Гость быстрым взором окидывает стену, и его взгляд задерживается над камином напротив дивана, где на самом видном месте в пору наших встреч висели его картины. Теперь их там нет. Снисходительно–ироничная усмешка мелькает на его лице. Много смыслов можно было прочесть в этой усмешке. «Ну вот мол, все — предатели! И ты такая же, как и все».
Эти картины–лица он рисовал после трагической смерти моего мужа Якова, обстоятельства
гибели которого я сейчас не буду описывать, и эти рисунки были его и моей памятью о Якове, символизируя нашу дружбу.«А картин-то уже нет. — Всё забыла!».
В те печальные мои дни Игорь прилетел в Хьюстон на похороны Якова из Англии, где в Лондоне ставил какой-то спектакль. Его приезд был поддержкой моих сил сопротивления отчаянию, источником магической силы. Тогда в несчастии он утешал меня всяческими способами, словами и даже шутками, разыгрывал «театр», взяв всю режиссуру на себя. В то время его слова и действия для меня имели значение молитвы, были целебным бальзамом.

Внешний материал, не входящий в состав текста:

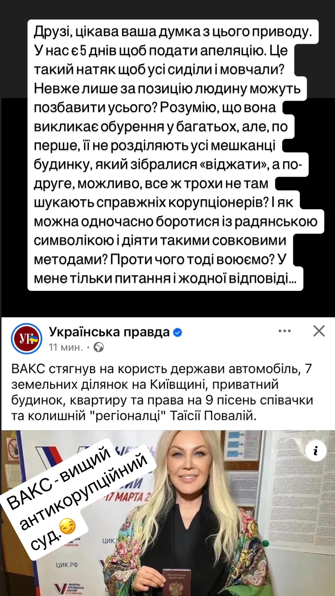 ВАКС (Высший антикоррупционный суд) 23 октября конфисковал у Таисии Повалий ее имущество в пользу государства. На это в инстаграм-сториз отреагировал ее сын Денис.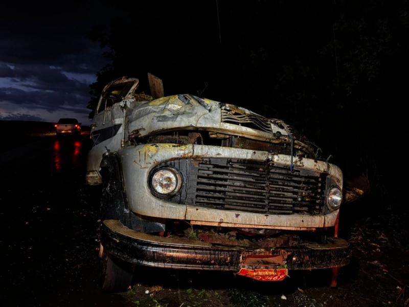 Com a pista molhada, o veículo acabou saindo da rodovia. Ao tentar retornar para a pista, o motorista perdeu o controle da direção e o caminhão acabou tombando do outro lado da margem da rodovia, ficando com as quatro rodas para cima. A cabine ficou praticamente destruída com a força do impacto.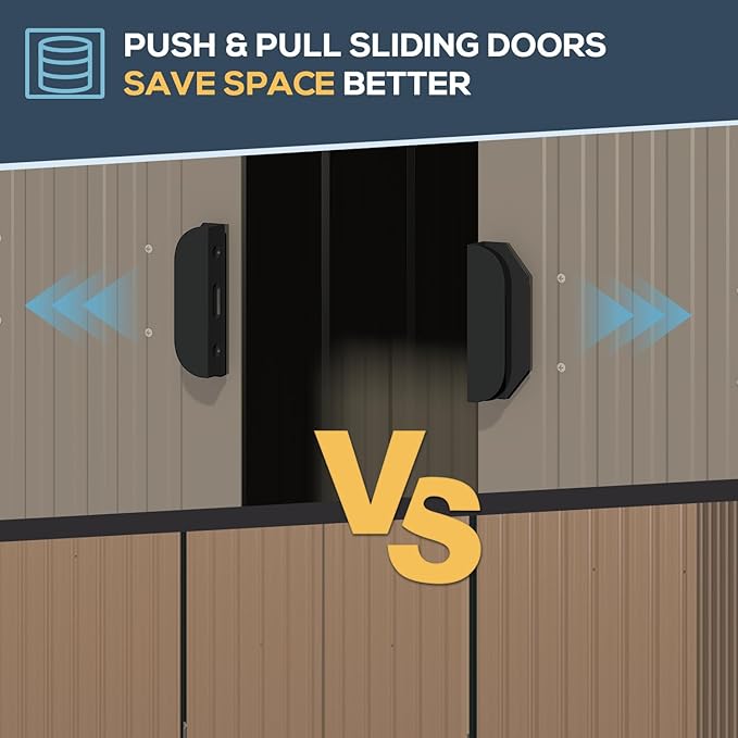 - Spacious Storage: Measuring 6 by 8 ft, this storage shed offers ample interior space. It can accommodate 7 lawnmowers, 10 kids' bicycles, 8 snowmobiles, or 3 Vespa motorcycles, thanks to its sliding door design that maximizes usable space.

В момент, когда последний щебень вместе с землёй упал на Яшин холм, когда могила была уже закрыта, при проливном дожде и небе, покрытом тучами, посреди мёртвой тишины он, повинуясь неясным импульсам, издал пронзительный и протяжный крик отчаяния, переходящий в высочайший накал страсти, уходящий в небеса. Крик был сладостный и дикий, пронизывающий и показывающий нам, самым близким друзьям Якова, что исступлённым стоном заканчивается жизнь, как и соитие. В его таинственном соло всё сплелось: призыв любви и страсти, отчаяния и сладострастия, жизни и смерти.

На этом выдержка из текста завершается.